[Dataset items]
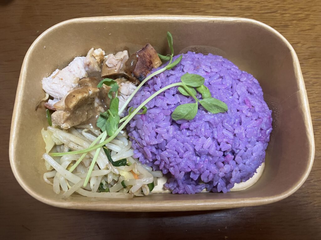 付け合わせの野菜はチリソースで和えてもの。紫芋と炊いたご飯の、鮮やかな色が目を惹きます。味は案外普通のご飯で、うっすら芋の甘みがある感じ。
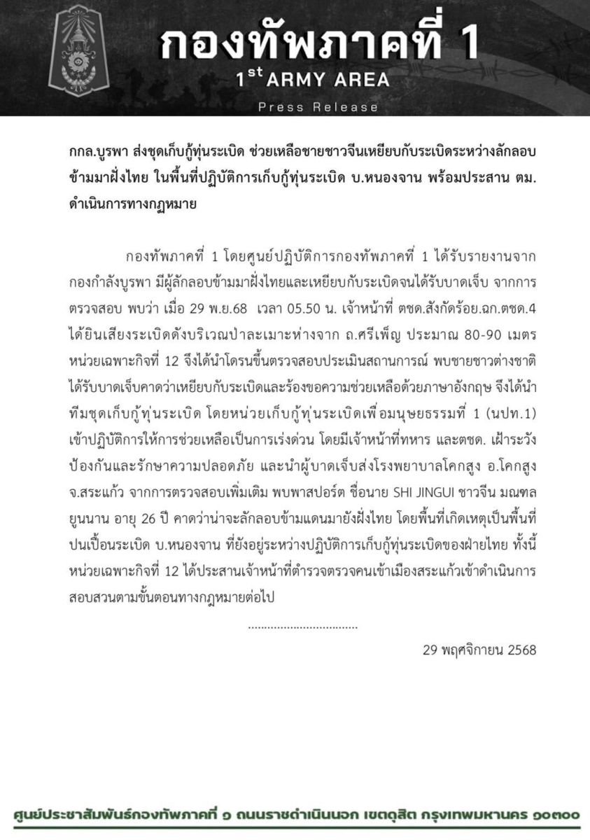 ด้านกองทัพภาคที่ 1 รายงานว่า ศูนย์ปฏิบัติการกองทัพภาคที่ 1 ได้รับรายงานจาก กองกำลังบูรพา มีผู้ลักลอบข้ามมาฝั่งไทยและเหยียบกับระเบิดจนได้รับบาดเจ็บ จากการตรวจสอบ พบว่า เมื่อ 29 พ.ย.68 เวลา 05.50 น. เจ้าหน้าที่ ตชด.สังกัดร้อย.ฉก.ตชด.4 ได้ยินเสียงระเบิดดังบริเวณป่าละเมาะห่างจาก ถ.ศรีเพ็ญ ประมาณ 80-90 เมตร หน่วยเฉพาะกิจที่ 12 จึงได้นำโดรนขึ้นตรวจสอบประเมินสถานการณ์ พบชายชาวต่างชาติ ได้รับบาดเจ็บคาดว่าเหยียบกับระเบิดและร้องขอความช่วยเหลือด้วยภาษาอังกฤษ จึงได้นำทีมชุดเก็บกู้ทุ่นระเบิด โดยหน่วยเก็บกู้ทุ่นระเบิดเพื่อมนุษยธรรมที่ 1 (นปท.1) เข้าปฏิบัติการให้การช่วยเหลือเป็นการเร่งด่วน โดยมีเจ้าหน้าที่ทหาร และตชด. เฝ้าระวังป้องกันและรักษาความปลอดภัย และนำผู้บาดเจ็บส่งโรงพยาบาลโคกสูง อ.โคกสูง
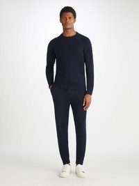 This 100% cashmere navy sweater has been designed with ribbed cuffs, hem and collar, as well as raglan sleeves for the perfect fit. Contrast internal ribbing and an integrated 'V' detail have been added for a refined finish. The starting point for the Finley was the cashmere - we selected a luxuriantly soft 12 gauge pure Italian cashmere from Cariaggi which we consider to be best in class. Touch this fabric and you'll be reminded what cashmere should feel like. The material hangs wonderfully, for a look that's as luxurious as the feel. Our philosophy is to use the finest materials and components, paying attention to every detail of construction so that the resulting garment is both comfortable and stylish. Keep your cashmere looking its best with our Beechwood Cashmere Comb. The model is wearing a size medium. Model measurements: 6ft 2in / 189cm height, 37.8in / 96cm chest, 31.9in / 81cm waist. PRODUCT DETAILS Material: Pure Cashmere Fabric Weight: Medium Fabric Type: Jersey Gender: Men's Colour: Navy Pattern: Plain Sleeve Length: Long Sleeve Season: 24-W Neck Shape: Crew Neck Country of Origin: Mauritius Composition: 100% Cashmere Fit: Regular Fit Item Number: 3159-FINL010NAV
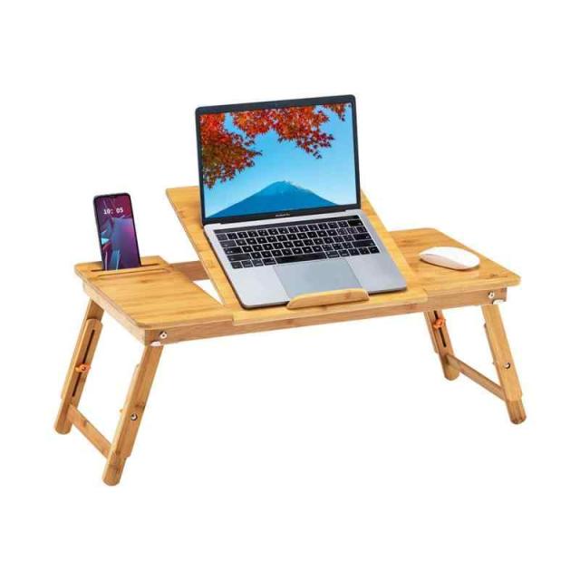 ■【送料無料】ノートパソコンデスク PCスタンド 傷付きにくい 竹製 ベッドテーブル ローテーブル 折りたたみ式 膝上テーブル 高さ調整可能
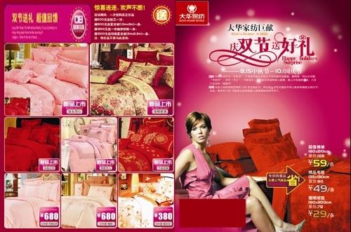大華家紡在中秋節國慶節來(lái)臨之際,推出"慶雙節 送好禮"大型促銷(xiāo)活動(dòng)。大華家紡雙節送禮,超值回饋。
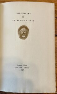Chronicles of an African Trip, George Eastman. Privately printed, 1927.
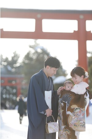 神社境内で澄んだ空気の中、赤ちゃんの健やかな成長を祝う、和装のご家族。日本の古き良き伝統がつまった、素敵なお祝いですね。赤ちゃんと共にパパとして、ママとして、成長していくための第一歩となる素敵なお祝い行事に日本の伝統衣装をお揃いで纏うことで、きっと家族の絆も深まります。

What the task requires: Pictures are to be left out; the lines from the start of the records above through the line holding "ด้านกองทัพภาคที่ 1 รายงานว่า" are to be returned exactly.

Response to this task:
 付け合わせの野菜はチリソースで和えてもの。紫芋と炊いたご飯の、鮮やかな色が目を惹きます。味は案外普通のご飯で、うっすら芋の甘みがある感じ。
 ด้านกองทัพภาคที่ 1 รายงานว่า ศูนย์ปฏิบัติการกองทัพภาคที่ 1 ได้รับรายงานจาก กองกำลังบูรพา มีผู้ลักลอบข้ามมาฝั่งไทยและเหยียบกับระเบิดจนได้รับบาดเจ็บ จากการตรวจสอบ พบว่า เมื่อ 29 พ.ย.68 เวลา 05.50 น. เจ้าหน้าที่ ตชด.สังกัดร้อย.ฉก.ตชด.4 ได้ยินเสียงระเบิดดังบริเวณป่าละเมาะห่างจาก ถ.ศรีเพ็ญ ประมาณ 80-90 เมตร หน่วยเฉพาะกิจที่ 12 จึงได้นำโดรนขึ้นตรวจสอบประเมินสถานการณ์ พบชายชาวต่างชาติ ได้รับบาดเจ็บคาดว่าเหยียบกับระเบิดและร้องขอความช่วยเหลือด้วยภาษาอังกฤษ จึงได้นำทีมชุดเก็บกู้ทุ่นระเบิด โดยหน่วยเก็บกู้ทุ่นระเบิดเพื่อมนุษยธรรมที่ 1 (นปท.1) เข้าปฏิบัติการให้การช่วยเหลือเป็นการเร่งด่วน โดยมีเจ้าหน้าที่ทหาร และตชด. เฝ้าระวังป้องกันและรักษาความปลอดภัย และนำผู้บาดเจ็บส่งโรงพยาบาลโคกสูง อ.โคกสูง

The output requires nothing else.